I need to build a customer 360 degree database, which requires:

  • A wide-column table, each customer is one row, with lots of columns (says > 1000)
  • We have ~20 batch update analytics jobs running daily. Each analytics job queries and updates a small set of columns, for all the rows. It includes aggregating the data for reporting, and loading /saving the data for machine learning algorithms.
  • We update customers' info in several columns, with <= 1 million rows per day. The update workload is spread out across working hours. We have more than 200 million rows.

For these requirements, I think an modifiable columnar DB would be a perfect fit: it can be queried and aggregated by columns which is optimal for analytics, it can be updated for several million changes throughout the day. The most identical project I have found is Apache Kudu, but its limitation of 300 columns is a big turn-off, we have more than 1000.

And we prefer a open-source project.

Any suggestions ?

Tung Vs
  • 113
  • 10
  • Why not use any RDBMS system for this (mysql, postgres, mariadb)?

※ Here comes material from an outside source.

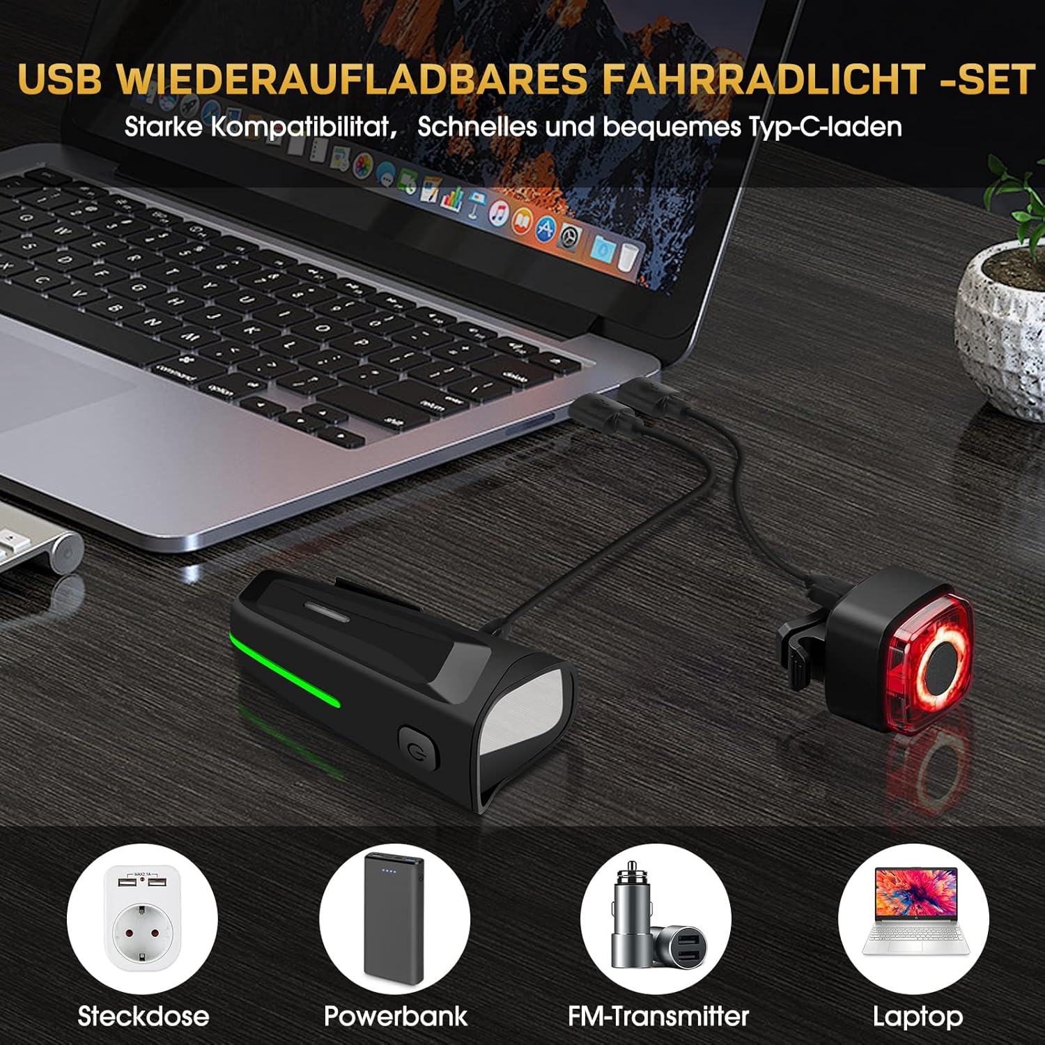 Fahrradbeleuchtung Set mit Front & Rücklicht 100 LUX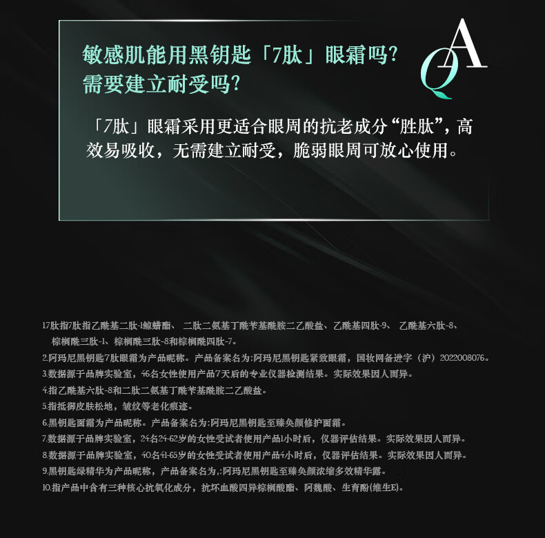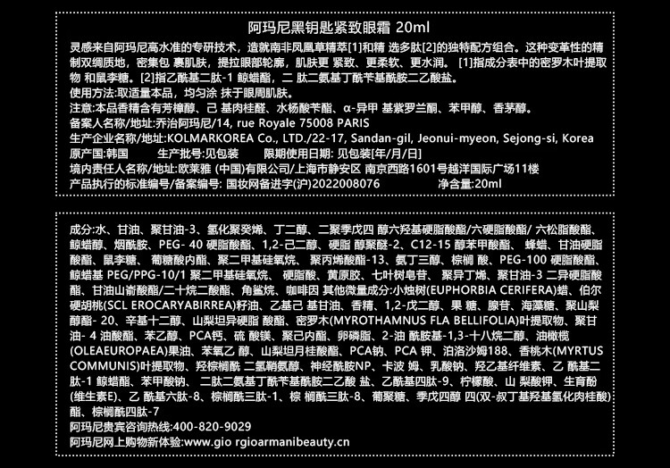 阿玛尼 黑钥匙7肽小针管眼霜20ml 胜肽淡纹紧致眼周

Any particular reason for sticking to apache-kudu? – shanmuga Oct 02 '18 at 11:02
  • @shanmuga As far as I know, RDBMS(es) are limited in scaling out, we cannot just throw more servers into the cluster as we scale like No-SQL. We have a plan to grow the number of columns to more than 3000s. By the way, see my own answer below. – Tung Vs Oct 07 '18 at 10:14

1 Answers1

0

I will answer my own question, since our solution works fine now.

Instead of having a unified DB for both analytics and OLTP workload, we separate the workload into 2: analytics workload will be served by Parquet tables in HDFS, and OLTP one will be served by HBase.

Of course we have to duplicate (part of) the customer data, but with a not-so-much cost of storage and computing capacity that we are willing to pay.

Tung Vs
  • 113
  • 10